• **Aim of the task**: Write out the entire listing below exactly as it appears, minus any pictures.

• **Collected data**:
[Start of Attachment]

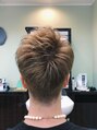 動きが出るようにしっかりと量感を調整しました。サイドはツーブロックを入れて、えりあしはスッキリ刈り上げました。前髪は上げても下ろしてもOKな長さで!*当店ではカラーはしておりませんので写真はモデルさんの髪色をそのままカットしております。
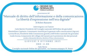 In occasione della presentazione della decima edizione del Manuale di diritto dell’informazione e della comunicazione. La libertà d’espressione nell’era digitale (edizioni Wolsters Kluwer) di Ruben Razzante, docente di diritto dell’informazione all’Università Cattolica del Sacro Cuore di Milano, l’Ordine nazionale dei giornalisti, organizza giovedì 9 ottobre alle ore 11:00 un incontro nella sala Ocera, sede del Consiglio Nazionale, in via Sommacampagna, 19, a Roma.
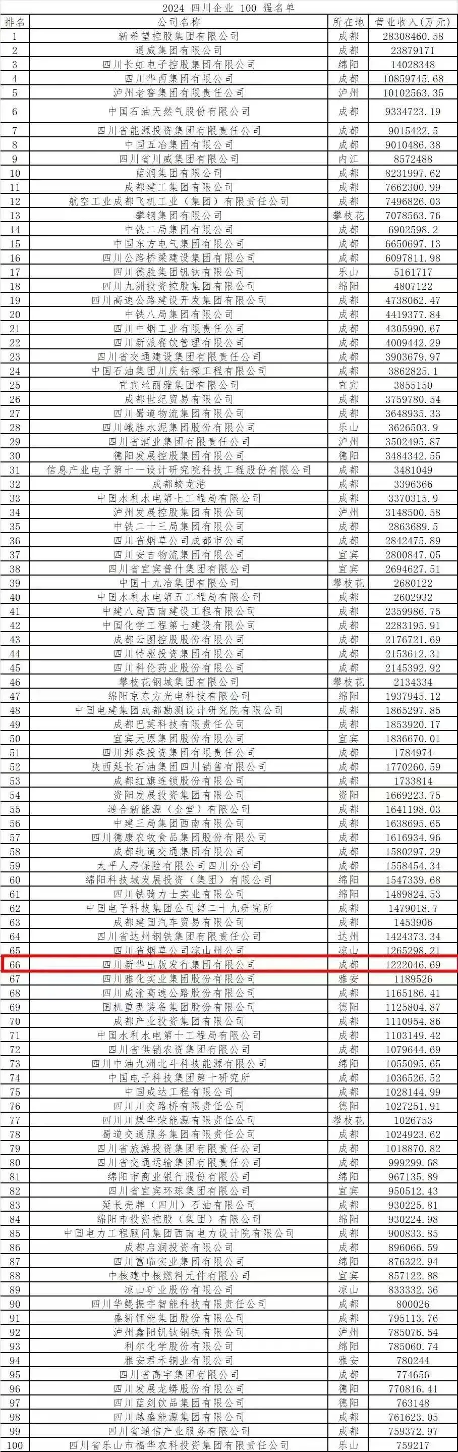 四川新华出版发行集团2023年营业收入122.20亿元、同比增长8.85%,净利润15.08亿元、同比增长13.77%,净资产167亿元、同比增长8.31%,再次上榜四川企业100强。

[End of Attachment]

• **Answer**:
 動きが出るようにしっかりと量感を調整しました。サイドはツーブロックを入れて、えりあしはスッキリ刈り上げました。前髪は上げても下ろしてもOKな長さで!*当店ではカラーはしておりませんので写真はモデルさんの髪色をそのままカットしております。
 In occasione della presentazione della decima edizione del Manuale di diritto dell’informazione e della comunicazione. La libertà d’espressione nell’era digitale (edizioni Wolsters Kluwer) di Ruben Razzante, docente di diritto dell’informazione all’Università Cattolica del Sacro Cuore di Milano, l’Ordine nazionale dei giornalisti, organizza giovedì 9 ottobre alle ore 11:00 un incontro nella sala Ocera, sede del Consiglio Nazionale, in via Sommacampagna, 19, a Roma.
 四川新华出版发行集团2023年营业收入122.20亿元、同比增长8.85%,净利润15.08亿元、同比增长13.77%,净资产167亿元、同比增长8.31%,再次上榜四川企业100强。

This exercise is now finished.